Qu’il s’agisse des premières routes (Figure 36), des routes commerciales (Figures 7, 27, 38, 39, 40) et des routes des plaisanciers (Figures 35 et 41), les itinéraires se suivent et forgent des disparités spatiales entre l’hémisphère nord et l’hémisphère sud. Enquêtes, statistiques et évènements de voile prouvent la prédominance de certains trajets pour les navigateurs européens et font apparaître des contrastes de fréquentation sur l’Atlantique (Figure 35). « L’Atlantique est parcouru en tous sens par un grand nombre de routes maritimes, bien plus

que n’importe quel autre océan et les bateaux de croisières sont allés partout, dans ses moindres recoins, des jungles étouffantes de l’Orénoque jusqu’aux fjords glacés du Groenland. Mais la plus grande concentration de bateaux de croisière se trouve en Europe du Nord et en Amérique du Nord » (Cornell, 2001, p.141). Si, au départ, le cabotage le long de la

côte africaine était réalisé, il est désormais abandonné par les plaisanciers européens qui préfèrent rejoindre les côtes brésiliennes, antillaises ou américaines. Ainsi 68,75% des enquêtés aux Açores ont effectué une transatlantique Est-Ouest par les alizés, 6,25% une Sud-Nord173, 4,16 % une Nord-Sud et 3,125% un tour du monde.

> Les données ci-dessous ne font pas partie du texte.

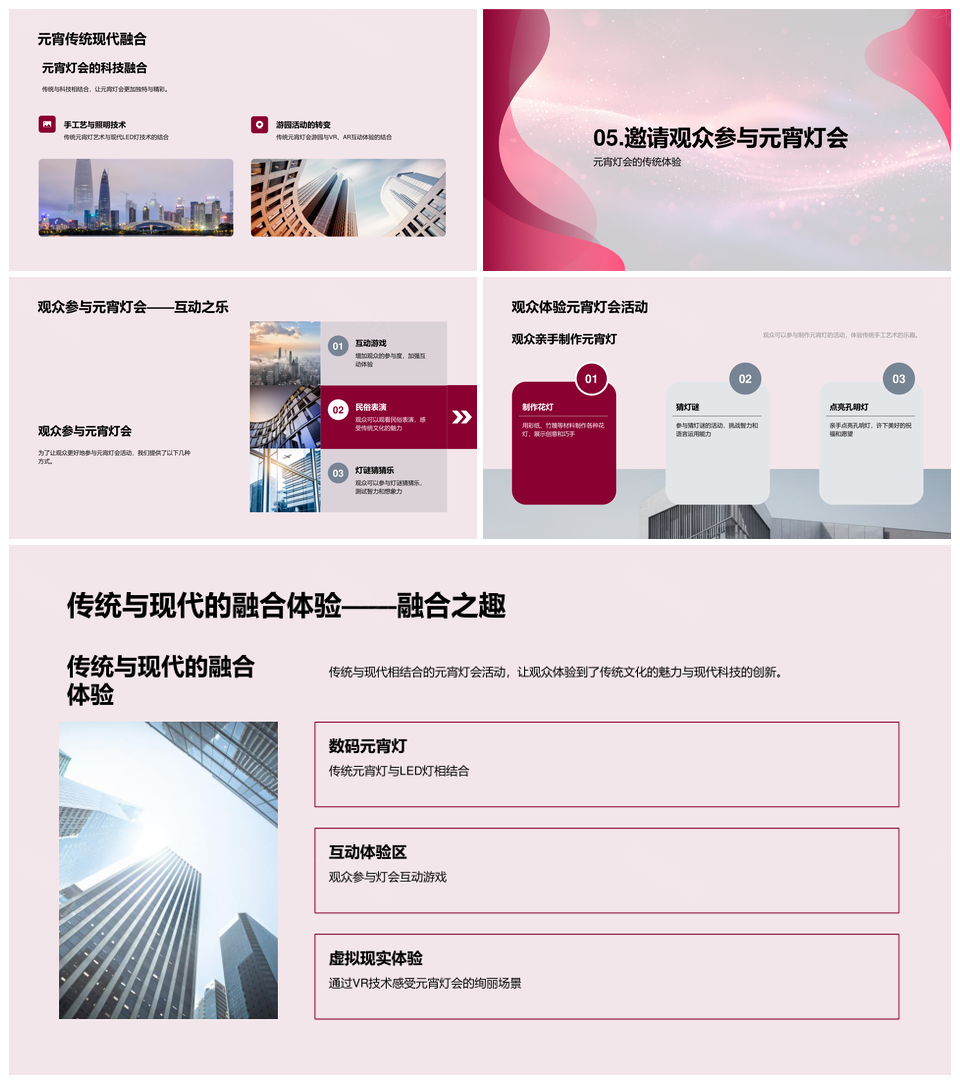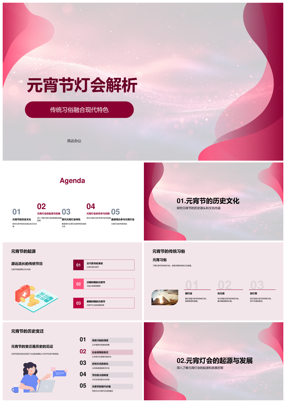 这是一张元宵灯会传统现代发展历程科技应用解析PPT模板,包含元宵灯会、传统、现代、发展、历程、科技、应用、解析等主题内容,也可用作元宵灯会传统现代发展历程、元宵灯会传统现代发展、灯会传统现代发展历程、传统现代发展历程科技、现代发展历程科技应用、发展历程科技应用解析、元宵灯会发展历程科技、传统现代科技应用解析、灯会现代科技应用解析、元宵灯会传统发展、灯会传统现代科技、发展历程科技应用、传统现代科技应用、现代科技应用解析、元宵灯会科技等PPT场景使用。 风云办公提供的元宵灯会传统现代发展历程科技应用解析PPT模板,下载格式为pptx,一共23页,作品中文字及图均可以修改和编辑,图片更改请在作品中右键图片并更换,文字修改请直接点击文字进行修改。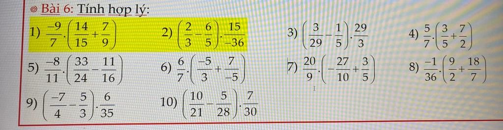 6) $\dfrac{6}{7}$ . ( $\dfrac{- 5}{3}$ + $\dfrac{7}{- 5}$)

Les enquêtés ont principalement entamé leur voyage Est-Ouest en septembre alors que la traversée Ouest-Est a été réalisée en mai suivie du mois de juin ce qui souligne donc une fois de plus la saisonnalité des routes.

Cornell mentionne la présence de 3000 voiliers qui ont pris part aux rallyes transatlantiques ou tours du monde sans tenir compte de ceux qui partent individuellement. Il se focalise davantage sur les régions tropicales, où la plupart des marins naviguent ou rêvent de naviguer un jour ce qui correspond à la zone atlantique la plus fréquentée.

Mis à part les tours du monde, avec ou sans escale, en équipage ou en solitaire, les courses au large et rallyes se passent principalement dans l’Atlantique Nord avec pour certains le franchissement de l’équateur pour se rendre au Brésil comme la Transat 6.50 et la Transat Jacques Vabre.

Ces routes se structurent sous la forme de continuités et discontinuités atlantiques. Les méthodes de navigation évoluent et changent les caractéristiques de cet espace. On passe ainsi d’un espace lisse à un espace strié.

173 On entend par transatlantique Nord-Sud ou Sud-Nord, un parcours franchissant l’équateur, principalement Europe –Amérique du Sud.